AMENDMENT AND WAIVER
MARCH 3, 2005

      This Amendment and Waiver (this “ Amendment ”) to that certain Acquisition Agreement (the “Agreement” ), dated as of September 28, 2004, by and between Solexa Limited, (the “Company” ) and Lynx Therapeutics, Inc. ( “Parent” ) is effective as of March 3, 2005 (the “Amendment” ). Capitalized terms not otherwise defined in this Amendment shall have the meaning ascribed to them in the Agreement.

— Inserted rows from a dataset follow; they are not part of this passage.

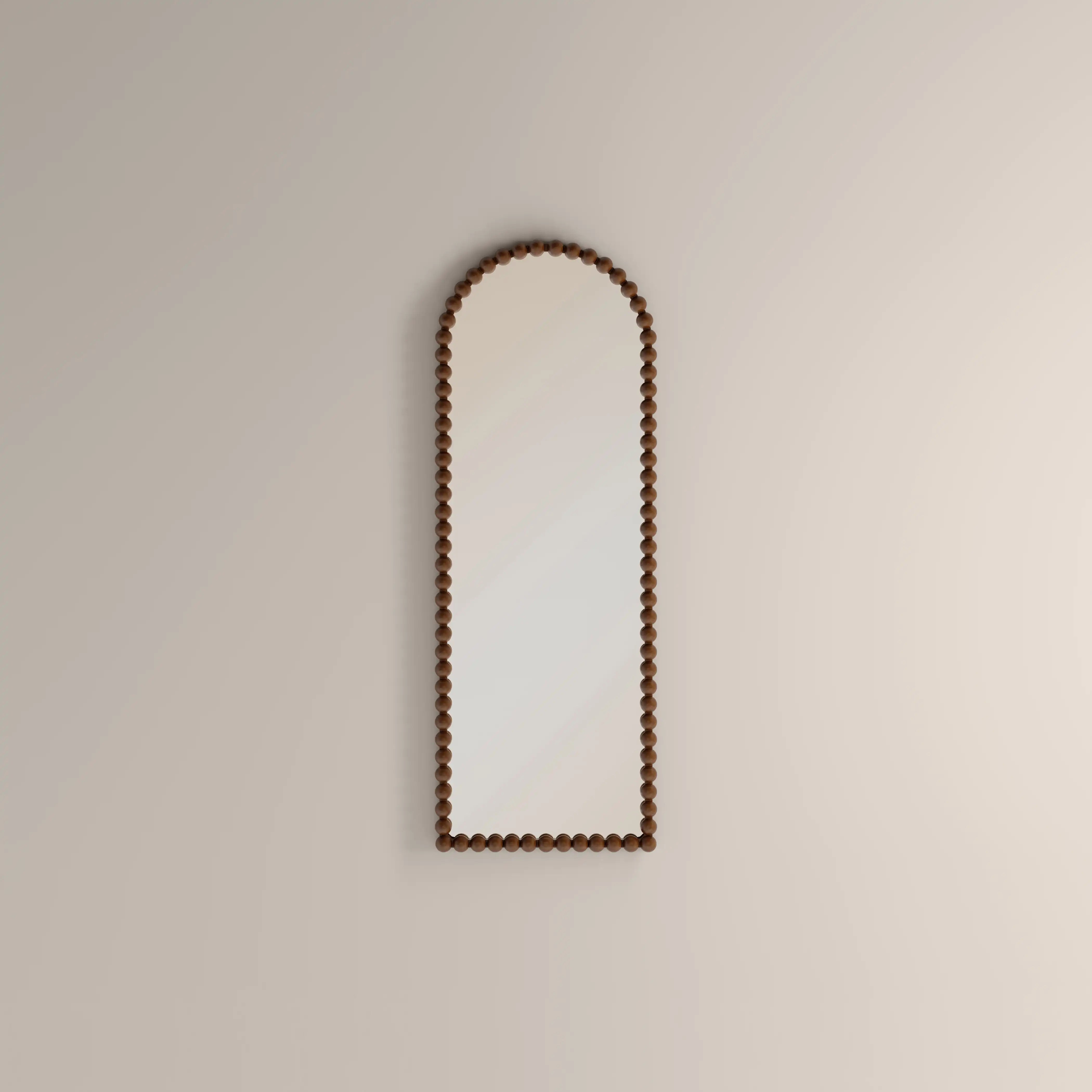 Add charm to any room with the Ashby Full Length Mirror and its bobbin-inspired design. Featuring a rich walnut-stained finish frame, this mirror exudes warmth and elegance, while the unique ball accents around the frame bring a playful yet refined style. Ideal for entryways, living rooms, or bedrooms, this mirror serves as both a functional and stylish focal point in your home.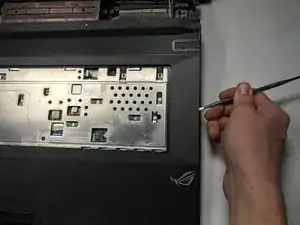 Найдите 5 защёлок в верхней части клавиатуры. Вставьте металлическую лопатку в отверстия защёлок на клавиатуре, чтобы снять клавиатуру.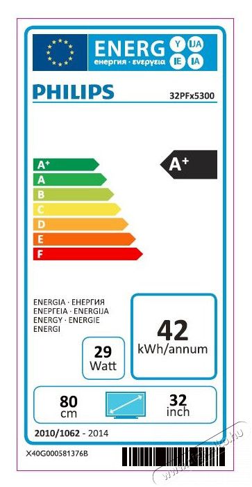 - Energiafogyasztás kikapcsolt módban - < 0,3 W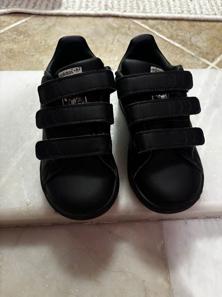 Üç cırt cırtlı, lastik tabanlı siyah erkek çocuk adidas marka spor ayakkabısı, sade ve sokak stili tasarımıyla rahat kullanım sunar.25 numara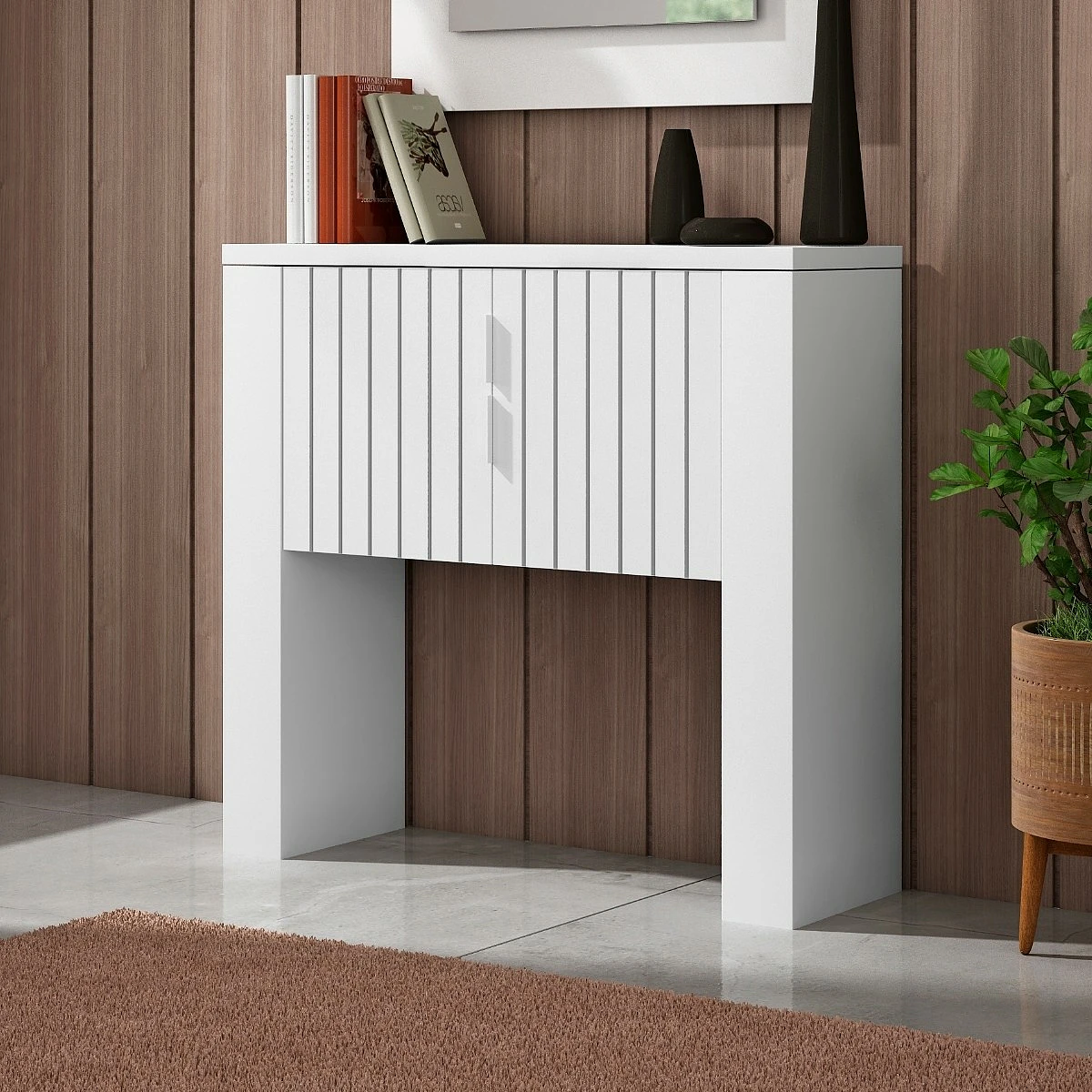 La Consola Blanca 80x76x27 cm se caracteriza por su diseño elegante y discreto. Las puertas frontales con delicadas líneas verticales en relieve crean un efecto visual atractivo sin sobrecargar el ambiente. Su acabado en blanco puro se integra fácilmente en cualquier estilo de decoración, desde los más clásicos hasta los más modernos.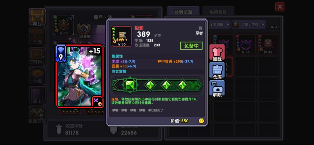 属性:木攻,护穿,爆伤,攻强,暴击(根据自己属性,5选3)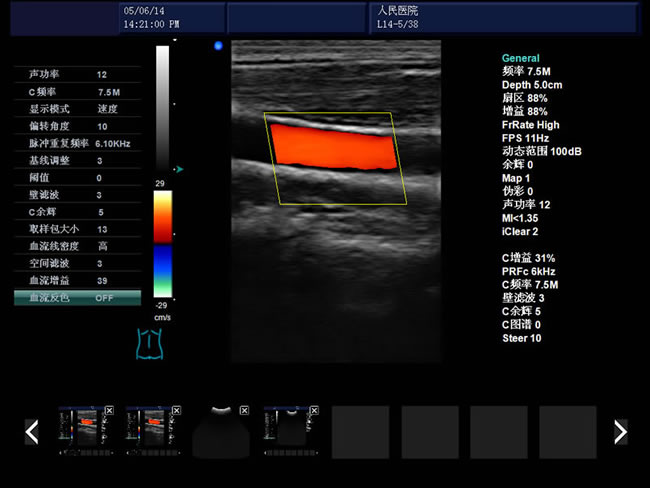 彩色血流圖像調節參數:多普勒頻率、取樣框位置和大小、基線、彩色增益、偏轉角度、壁濾波、累積次數等。

      Whereas , pursuant to Section 1.1(f)(iv) of the Agreement, Parent and the Company determined that a reverse split of Parent’s common stock to be reasonably necessary for the purposes of effecting the transactions contemplated by the Agreement and the stockholders of Parent approved such a reverse split of Parent’s common stock at the annual meeting of stockholders held on March 1, 2005 (the “ Stockholders’ Meeting ”);

      Whereas, pursuant to Section 5.1 of the Agreement, Parent agreed, from the date of the Agreement to the earlier of the First Closing Date or the termination of the Agreement to, among other things, refrain from certain actions, as more particularly described in said Section 5.1, without the prior written approval of the Company;

      Whereas , following the approval of the reverse stock split by the stockholders of Parent at the Stockholders Meeting, the Board of Parent approved: (A) a 1-for-2 reverse split of Parent’s common stock (the “ Reverse Split” ), effective March 2, 2005; and (B) a change of name to “Solexa, Inc.” (the “ Name Change ”), effective on or about March 3, 2005;

      Whereas, pursuant to Section 8.3 of the Agreement, the Agreement may be amended or waived in writing; and

      Whereas, subject to the terms and conditions provided herein, the parties desire to amend the Agreement, and the Company desires to approve the Reverse Split and the Name Change, in each case in accordance with Section 8.3 thereof.